EXERCISE DATA.
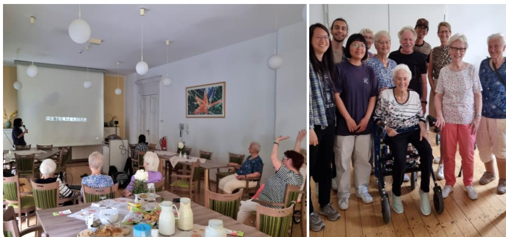
養老院的一日活動

感想：這是一門能帶來豐富收穫的課程。除了課堂上透過簡報內容的教學，老師還安排許多校外學習活動，讓我們能更貼近地了解德國社會與文化。例如：老師帶我們到學校附近的住宅居，觀察不同形式的住宅設計，並思考其中反映出的文化與社會差異；也帶我們去柏林參觀「柏林的地下世界」展覽，了解當時東西柏林的歷史背景與人們的生活處境；這學期的重點活動是到養老院籌辦一日活動，透過與長者的交流互動，讓我們更真切地體會德國社會價值觀與人際關係的面貌。這些經驗都讓我對德國文化有更深刻的理解與反思，課程也非常有趣、很有意義。
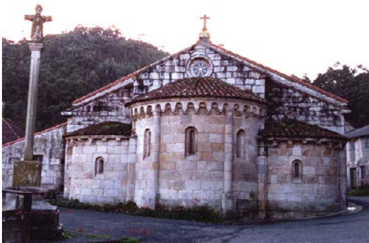
Igrexa de Monteagudo

A cuberta é a dúas augas e a planta basilical, de tres naves e tres ábsidas semicirculares nos que se abren sinxelas xanelas con arco de medio punto agregadas a corpos ou tramos rectangulares. A porta principal é moderna e a do muro norte, de arco semicircular, está tapiada; a do sur ten unha arquivolta semicircular tórica sobre unha columna por lado. Os arcos de ingreso ás tres ábsidas son apuntados sobre semicolumnas acaroadas, pero os
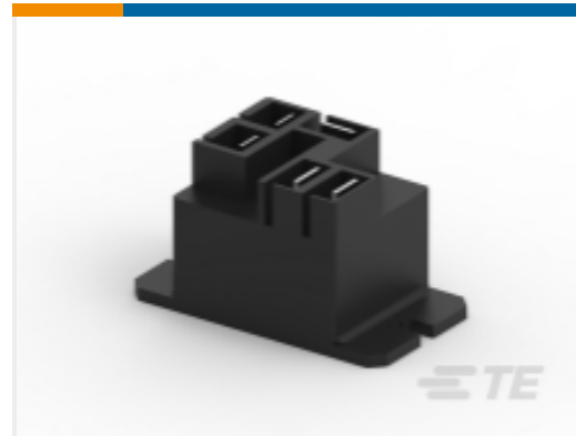
TE 产品编号1-1649341-9 T9CP5A54-120

EXERCISE INSTRUCTIONS.
Output each record above exactly as it stands, excluding all pictures.

ANSWER BELOW.
養老院的一日活動

感想：這是一門能帶來豐富收穫的課程。除了課堂上透過簡報內容的教學，老師還安排許多校外學習活動，讓我們能更貼近地了解德國社會與文化。例如：老師帶我們到學校附近的住宅居，觀察不同形式的住宅設計，並思考其中反映出的文化與社會差異；也帶我們去柏林參觀「柏林的地下世界」展覽，了解當時東西柏林的歷史背景與人們的生活處境；這學期的重點活動是到養老院籌辦一日活動，透過與長者的交流互動，讓我們更真切地體會德國社會價值觀與人際關係的面貌。這些經驗都讓我對德國文化有更深刻的理解與反思，課程也非常有趣、很有意義。
Igrexa de Monteagudo

A cuberta é a dúas augas e a planta basilical, de tres naves e tres ábsidas semicirculares nos que se abren sinxelas xanelas con arco de medio punto agregadas a corpos ou tramos rectangulares. A porta principal é moderna e a do muro norte, de arco semicircular, está tapiada; a do sur ten unha arquivolta semicircular tórica sobre unha columna por lado. Os arcos de ingreso ás tres ábsidas son apuntados sobre semicolumnas acaroadas, pero os
TE 产品编号1-1649341-9 T9CP5A54-120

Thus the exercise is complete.